Building a private AI/Machine-Learning server on a budget

In an attempt to better understanding machine learning (ML) software, it seemed like a good idea to set up a private server to run software like PyTorch, TensorFlow, and even large language models or text-to-image generators. These are among the most prevalent applications of machine learning, so it made sense to build a computer capable of executing such tasks to gain hands-on experience and deeper knowledge on the subject.

To achieve this, a computer with sufficient computational power was necessary to these programs in a reasonable timeframe. While the majority of modern computers can run these types of programs, their performance depends on the available processing power. The processor can be used to perform machine learning computations, but it will be relatively slow. Some of this can be circumvented by using a processor with multiple cores and threads to enhance the ability to perform parallel computations.

See: GPU vs CPU

However, the primary component involved in running machine learning software is a graphics card (GPU).
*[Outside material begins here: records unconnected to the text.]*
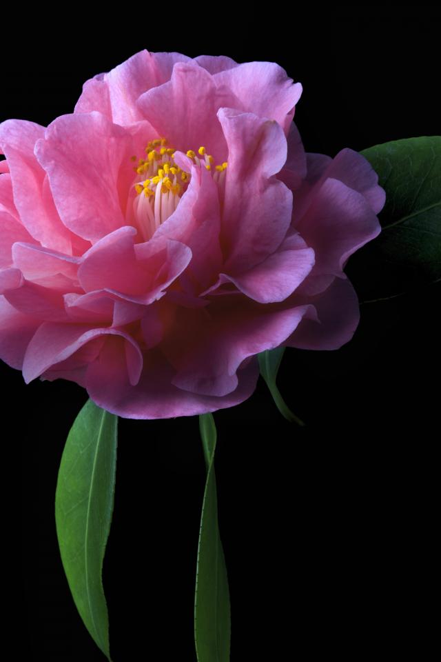 Обои Розовый цветок камелия на черном фоне крупным планом
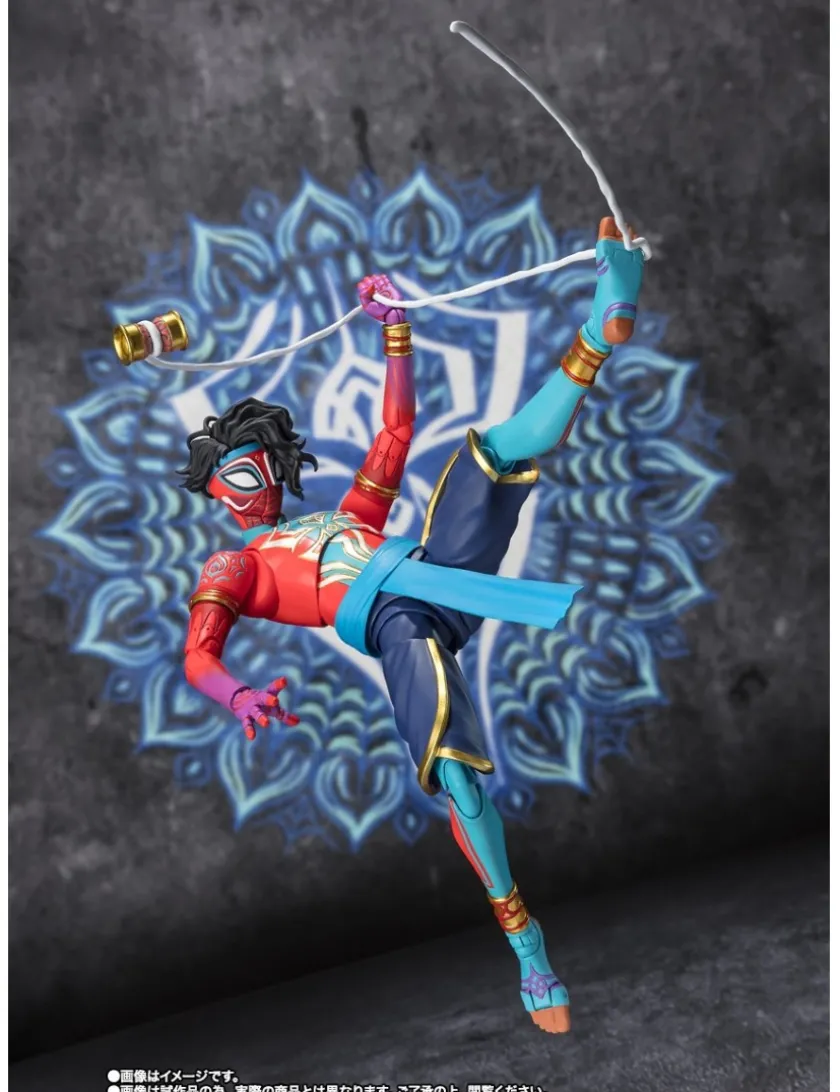 Spider-Man India tratto da Spider-Man: Across the Spider-Verse entra nella line-up Bandai S.H. Figuarts, azione completa alto 15.5cm. Viene fornito con mani intercambiabili, testa intercambiabile, braccio destro intercambiabile, yo-yo, parti del collo intercambiabili, parti degli occhi intercambiabili e 5 parti di effetto ragnatela
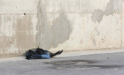 בגדיו המפויחים של הפועל. פונה במצב קשה לביה"ח (צילום: עידו ארז)
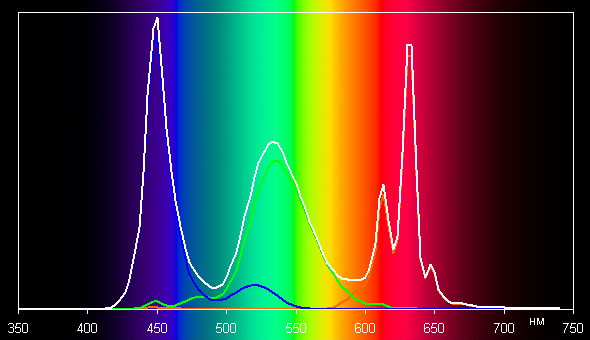 Ниже приведен спектр для белого поля (белая линия), наложенный на спектры красного, зеленого и синего полей (линии соответствующих цветов):
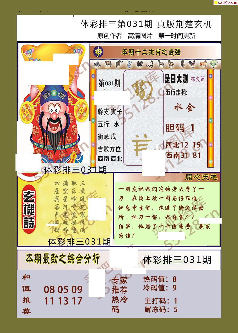 荆楚玄机031期体彩p3图谜
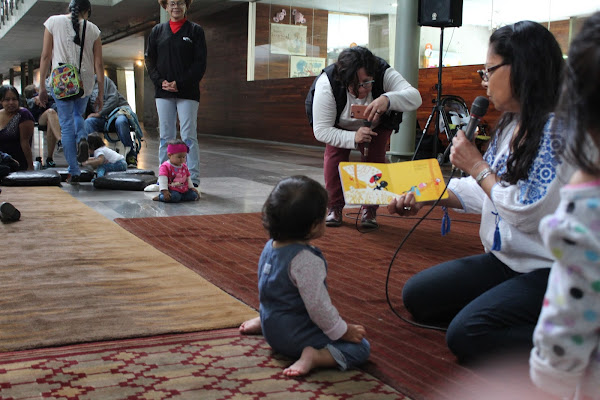 Comenzamos a ir a la Biblioteca Vasconcelos en cuanto se me quito el miedo a andar en la calle con ella, mas o menos a los cuatro meses nos aventuramos a asisitir a las diferentes actividades que se realizaban y fue también por esa época que comenzé con este Blog. Yo tenía mis dudas porque la verdad en mi cabeza no conjugaban bebés + biblioteca, pero ¡oh sorpresa!, existen las bebetecas, y la Biblioteca Vasconcelos es una de las dos bibliotecas públicas en la CDMX que tiene una, recuerdo que en ese entonces ella ni siquiera gateaba. Comenzamos con los talleres de masaje para bebe y despues asisitíamos cada que el clima nos lo permitía a las sesiones de lectura con bebés a cargo de Ruth Galicia.
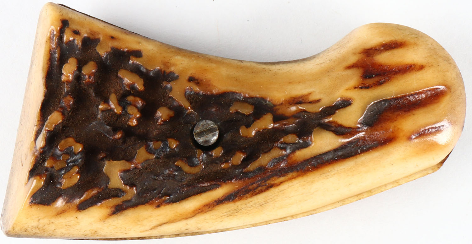 Stag pistol grips, with screw, some age soiling. Grade: Very Good ++ - Value: 20 to 80
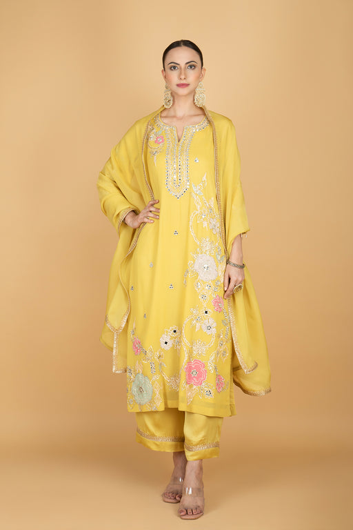 View full detailsFeaturing lime yellow embroidered georgette kurta, paired with a contrasting modal silk pants with detailed work on edges. Shaded contrasting dupa...
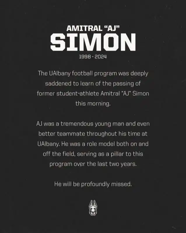 “El programa de fútbol americano de UAlbany está profundamente conmovido al conocerse el fallecimiento del ex atleta-estudiante Amitral ‘AJ’ Simon esta mañana. AJ fue un joven prometedor e incluso mejor compañero durante su tiempo en UAlbany. Fue un modelo a seguir dentro y fuera del campo, sirviendo como un pilar para este programa a lo largo de los últimos dos años”.
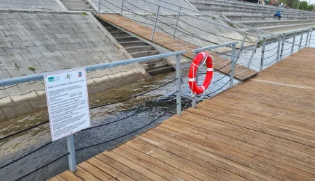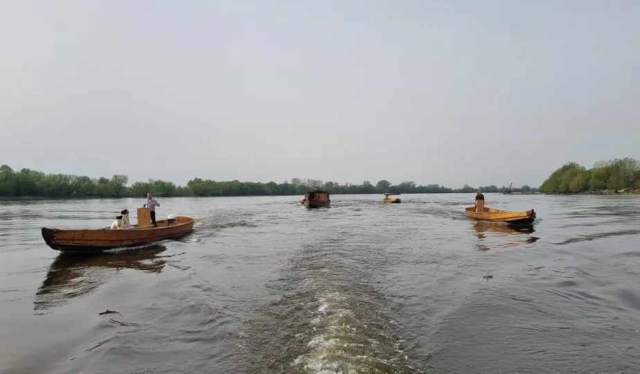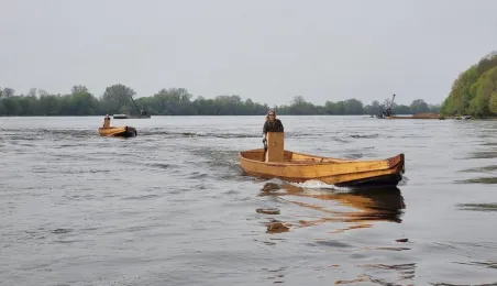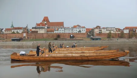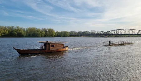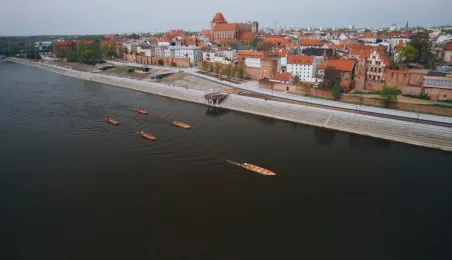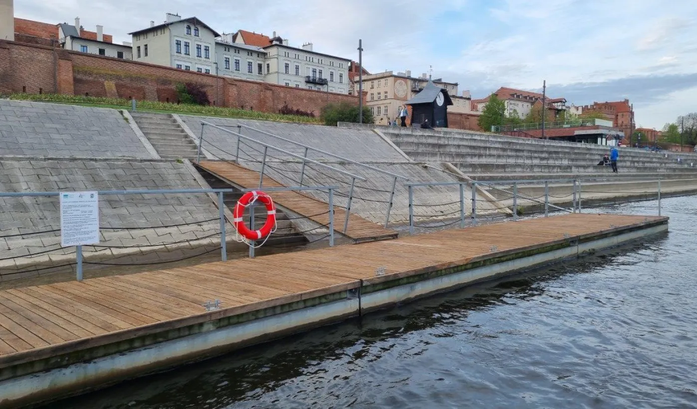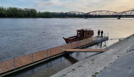 Na Bulwarze Filadelfijskim zakończył się montaż dwóch pływających pomostów służacych do obsługi łodzi flisaczych, które już wykonały swoje rejsy testowe. Fot. Marcin Karasiński, Marcin Jóźwiak
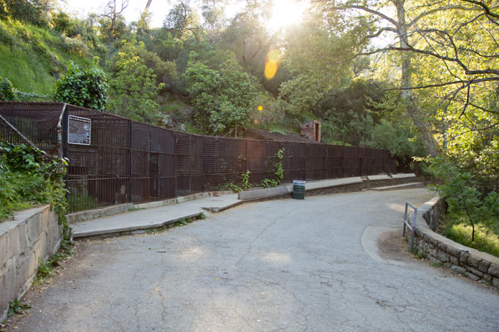 According to the sign: “Site of the Old Los Angeles Zoo. This Griffith Park canyon area served as the City’s Zoo from its founding in 1912 to 1965, when the Los Angeles Zoo moved to its current location about two miles north of where you are currently standing. Many of the walls, grottos, and other enclosures you see today were built in the 1930s by County Relief workers and Works Progress Administration (WPA) crews. Once bears, lions, monkeys, macaws, goats, elephants, reptiles, and turtles, among others, lived here and the sounds of their growls, roars, calls, and clamor filled this canyon. Although these historic enclosures are no longer appropriate for housing animals, they can be home to memories of family visits to the Griffith Park Zoo, as well as an opportunity to better understand developments in the zoological sciences. Please enjoy and respect the buildings, walls, and habitats you will discover today.” (The last line is nearly obscured with graffiti.)

These cards handle the overwhelming bulk of the ML computations because they excel at matrix multiplications. Consequently, besides the raw computation power of a GPU, the video memory (V-RAM) of the graphics card becomes a crucial factor. This dedicated memory, separate from system RAM, is specifically designed for the graphics card’s operation.

See:

Having ample VRAM allows more complex programs to be loaded into the graphics card, enabling faster computations as data transfer between the rest of the computer and the graphics card is minimized. This reduction in back-and-forth communication helps circumvent bottlenecks present in the subsequent data transfer.
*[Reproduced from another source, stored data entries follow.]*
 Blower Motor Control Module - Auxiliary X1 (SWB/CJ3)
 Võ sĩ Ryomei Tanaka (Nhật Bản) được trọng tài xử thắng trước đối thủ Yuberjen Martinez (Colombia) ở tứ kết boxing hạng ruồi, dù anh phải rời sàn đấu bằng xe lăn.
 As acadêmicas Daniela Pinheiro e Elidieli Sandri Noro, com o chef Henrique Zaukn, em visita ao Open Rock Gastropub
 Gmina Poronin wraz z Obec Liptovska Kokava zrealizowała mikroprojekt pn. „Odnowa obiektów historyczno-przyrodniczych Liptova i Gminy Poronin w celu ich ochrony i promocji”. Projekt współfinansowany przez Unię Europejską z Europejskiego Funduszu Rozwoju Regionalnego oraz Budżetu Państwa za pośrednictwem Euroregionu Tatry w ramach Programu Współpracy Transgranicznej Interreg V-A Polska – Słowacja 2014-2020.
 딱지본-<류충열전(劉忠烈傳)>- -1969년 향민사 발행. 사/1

Based on these considerations, should sufficient VRAM be available, the computational prowess of the graphics card becomes the primary concern. Newer graphics cards generally require less power for equivalent performance, while the performance of an individual graphics card is directly tied to the power it uses; more power draw typically means better performance. This results in a compromise between desired computational power and the computer’s physical ability to deliver power.

Selecting Hardware

I opted for an affordable desktop computer from a surplus store, specifically a used Dell T-1700. It featured a 4th-gen Xeon E3-1271v3 CPU with 4 cores and 8 threads with 8Mb cache, and 32GB DDR3 RAM. By 2025 standards, these specifications are modest, wherein the Xeon CPU released in ~2013 is comparable to 10th generation i3-10100f released in 2020. Given these specifications, the $50 price for the entire computer was well worth it.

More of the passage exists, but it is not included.